レビュー

人は誰も、生きていく中でいくつものエラーを犯す。それは当然のことなのだから、いちいち気にしていられない、と思うかもしれない。

しかし、世の中には取り返しのつかないエラーも確実に存在する。たった一回の、ほんのささいなエラーが、大きな事故につながり、人命が失われることがある。1つのエラーによって姿を消す企業は後を絶たない。
エラーを完全に防ぐのは不可能に思えるが、本書はそれを否定する。すべてのエラーは防げると断言するのだ。世界中で起きたヒューマンエラーに起因する事故に対処してきた著者が開発したのは、ヒューマンエラーを根絶するためのエラーフリー・メソッドだ。著者によれば、このエラーフリー・メソッドを用いれば「新しいエラー」も「分類できないエラー」もない。すべてのエラーは対策可能だという本書のはしばしから、世界中で発生し続ける悲惨な事故を何とかしたい、人類の歴史からエラーを根絶したいという情熱がにじみ出ている。
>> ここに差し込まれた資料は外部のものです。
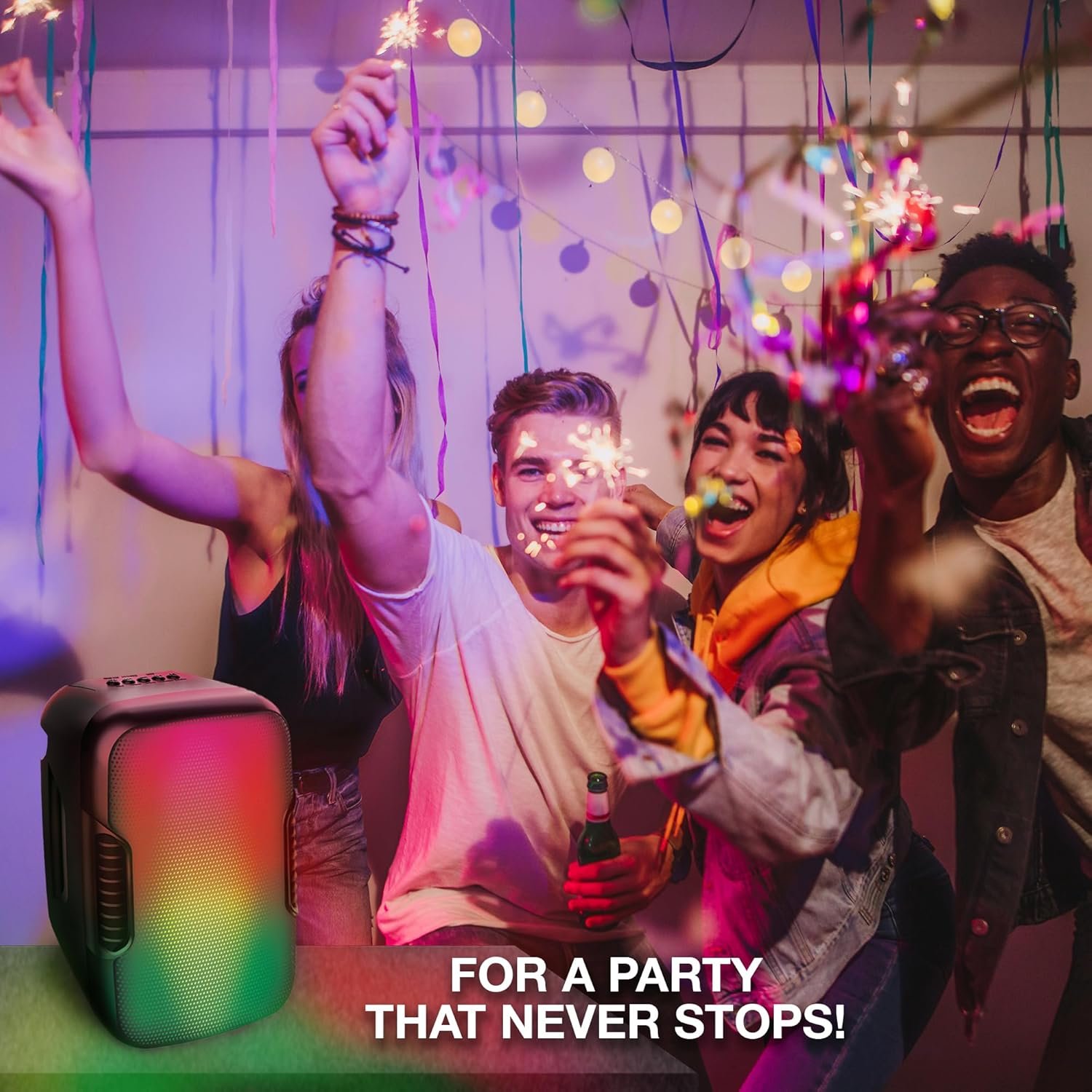 Wireless Freedom: Say goodbye to tangled cords and revel in the freedom of wireless connectivity, allowing you and your guests to dance, mingle, and party without limitations.
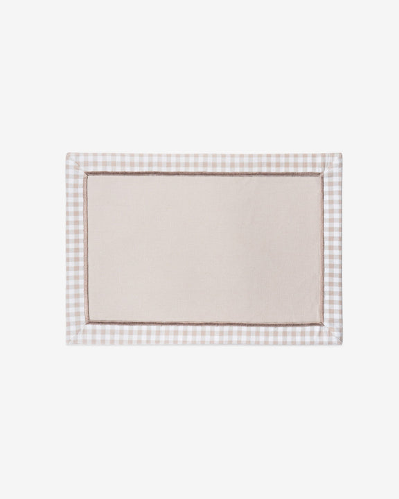 Framed with a classic gingham border, this placemat brings cozy, rustic charm to the table. Subtle and inviting, it adds warmth and comfort to everyday dining while still feeling polished for gatherings.

エラーさえなければ、事故で人命が失われることも、エラー対応に無駄な経費をかけることも、倒産で従業員が路頭に迷うこともないのだ。
本書はエラーフリーに至るための実践的入門書として位置付けられているが、実際に読むと日々の業務の中で使える内容が多い。自分も普段の業務の中でエラーを犯していないか、犯したエラーが放置されていないか、それを見直すことが、未来の自分や周囲の人を守ってくれるかもしれない。エラーフリーの実現のために自分を見直したくなったとき、最適な一冊だ。

本書の要点

・成功した企業が犯しやすいのが、慢心によるエラーだ。ノキアは決定を間違える「誤処理エラー」、コダックは行動しない「省略エラー」で業界トップから谷底へ転落した。
・ヒューマンエラーは、必要とされる注意力と習熟度の観点から、「知識型エラー」「規則型エラー」「スキル型エラー」の3つに大別できる。
・組織のリーダーが犯しうる知識型エラーは、ときに企業を倒産まで追い込む。
・従業員がよく犯すスキル型エラーは、作業に必要な注意力とその人がそのときに持っている注意力に差が生まれたときに起きやすい。